OCF Cron Symlink Resource Agent

Symlinks are easy in Corosync/HA. However, when coupled with Cron it gets to be a bit of a pain. A list of problems needing to be addressed:

1. Normal server startup has Cron starting before Corosync which means that if /var/spool/cron is missing then Cron will create it. This is not a bad thing, just not optimal for us if we are wanting to link to a NFS share with all the cron jobs that need to be made available on all the HA nodes. The OCF Symlink resource will error out until you delete the directory and once the symlink is made you have to restart Cron to get all working. Kind of defeats the purpose of headache free HA. ;)

2. Cron really does need to be running on all nodes in the cluster if only for log rotation.

3. One could do the standard symlink RA with a crond RA and set the order of start and grouping. However, you would then need a second clone group to ensure cron is running. Unfortunately this does not work due to race conditions.

By modifying the original Symlink RA script I was able to get a very nice Cron Symlink RA that works perfectly for me. A standard symlink would look like this:

primitive cronlinked ocf:heartbeat:symlink \
	params link="/var/spool/cron" target="/mnt/imports/nvwh2.bluedotmedia.de/var/spool/cron" \
	op monitor interval="15" timeout="15" on-fail="ignore" \
	meta target-role="Started"

As you can see you have to set on-fail to “ignore” otherwise it will just failover due to the directory that Cron created when it started. However, here is the new Cron Symlink with the new cronlink RA:

primitive cronlinked ocf:itadmins:cronlink \
	params link="/etc/cron.d/cronscript /var/spool/cron" target="/mnt/nfsshare/etc/cron.d/cronscript /mnt/nfsshare/var/spool/cron" croninit="/usr/sbin/service cron restart" \
	meta target-role="Started" \
	op monitor interval="15" timeout="15" on-fail="restart"

Exactly as before except now you can tell corosync how to restart Cron once the link has been created and do not have to set the resource to be “ignored” on failure.

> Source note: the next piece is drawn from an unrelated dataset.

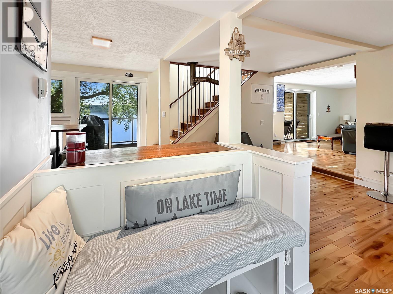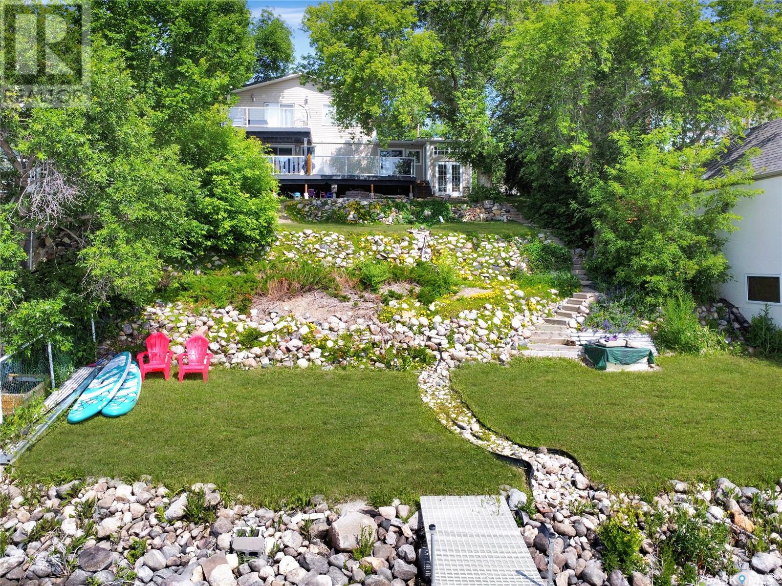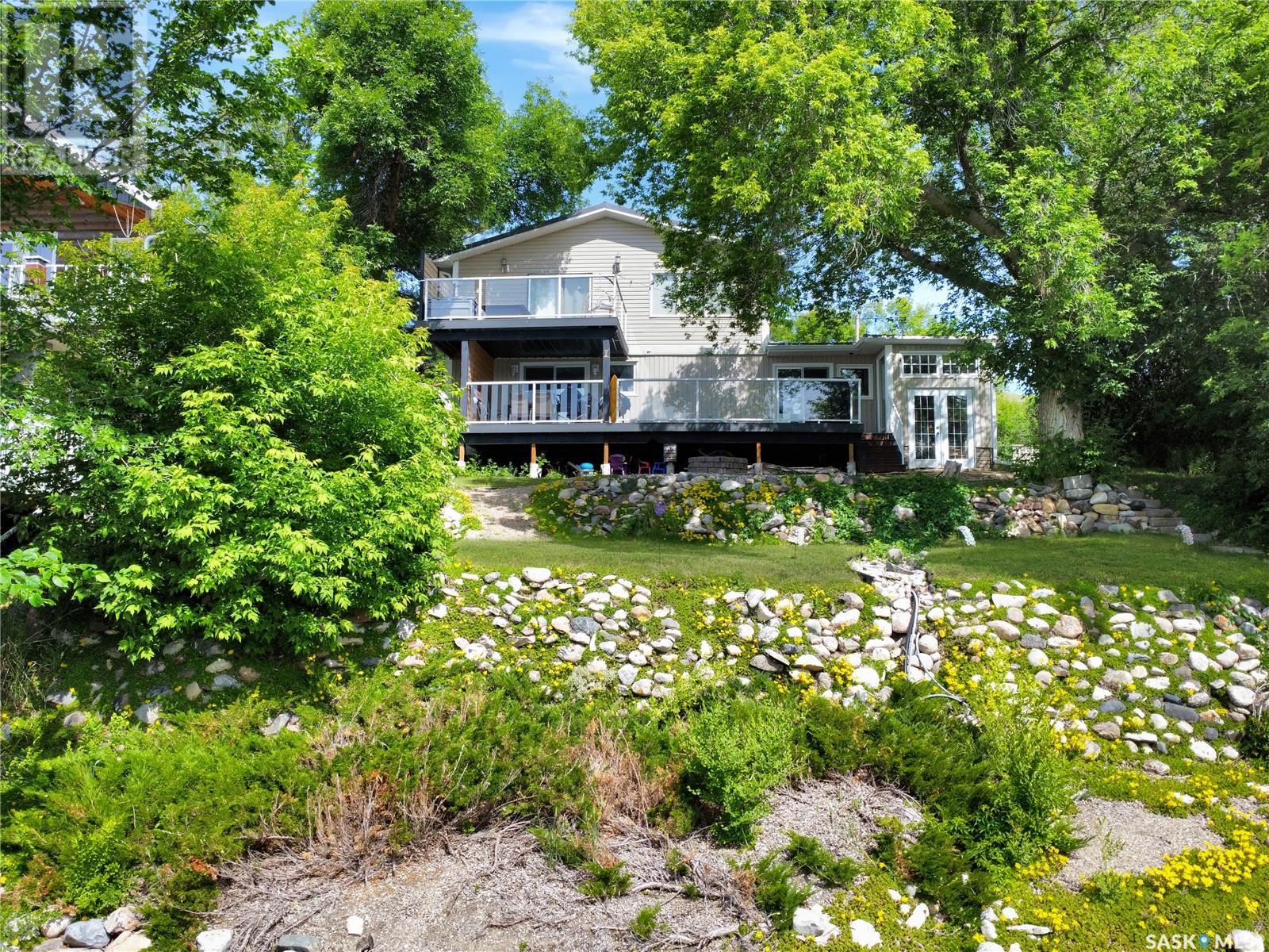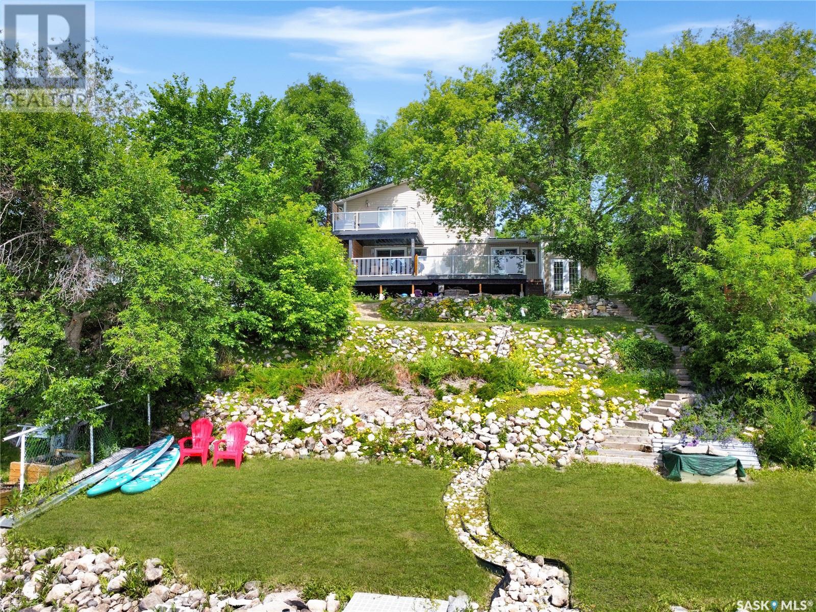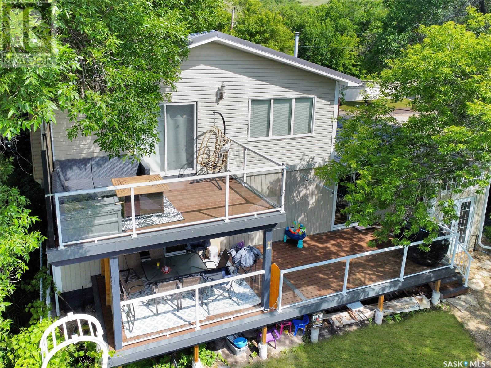 This year-round lakefront home offers 50 feet of shoreline on scenic Pasqua Lake, with 1,831 sq. ft. of well-planned living space across two levels. Inside, you'll find two spacious bedrooms—each with its own private ensuite. The primary bedroom goes a step further with a 15' x 11' ensuite/dressing area that offers a touch of luxury and privacy. The modern kitchen is built for gatherings, featuring a strikingly large island and updated finishes. The open layout flows onto two outdoor spaces—a main-level deck and a second-story balcony—both redone with low-maintenance decking to maximize your time enjoying the view, not maintaining it. The single attached garage provides convenience, while the beautifully treed yard with established perennials adds to the property’s charm and curb appeal. Downstairs, the basement hosts the mechanical systems, including in-floor a boiler system, and a tidy storage area. Please note: the dock and boat lift are not included in the sale. For your private tour, please reach out to your favorite local agent. (id:43042)

Also you can set multiple link pairs (space seperated) and works perfectly if wanting certain jobs running on certain nodes in the cluster unless, of course, a fail-over ensues.

In the newest version I have had to move to Bash due to the use of arrays and it will now fail on the first error it encounters during monitoring. I have had no issues with this but if you have any let me know.

#!/bin/bash
#
#
#   An OCF RA that manages symlinks for Cron
#
# Copyright (c) 2011 Dominik Klein
# Modified by Charles Williams 2012 - 2015
#
# This program is free software; you can redistribute it and/or modify
# it under the terms of version 2 of the GNU General Public License as
# published by the Free Software Foundation.
#
# This program is distributed in the hope that it would be useful, but
# WITHOUT ANY WARRANTY; without even the implied warranty of
# MERCHANTABILITY or FITNESS FOR A PARTICULAR PURPOSE.
#
# Further, this software is distributed without any warranty that it is
# free of the rightful claim of any third person regarding infringement
# or the like.  Any license provided herein, whether implied or
# otherwise, applies only to this software file.  Patent licenses, if
# any, provided herein do not apply to combinations of this program with
# other software, or any other product whatsoever.
#
# You should have received a copy of the GNU General Public License
# along with this program; if not, write the Free Software Foundation,
# Inc., 59 Temple Place - Suite 330, Boston MA 02111-1307, USA.
#

#######################################################################
# Initialization:

: ${OCF_FUNCTIONS_DIR=${OCF_ROOT}/lib/heartbeat}
. ${OCF_FUNCTIONS_DIR}/ocf-shellfuncs

#######################################################################

meta_data() {
        cat <<END
<?xml version="1.0"?>
<!DOCTYPE resource-agent SYSTEM "ra-api-1.dtd">
<resource-agent name="cronlink">
<version>1.8</version>

<longdesc lang="en">
This resource agent that manages a symbolic link (symlink) for Cron.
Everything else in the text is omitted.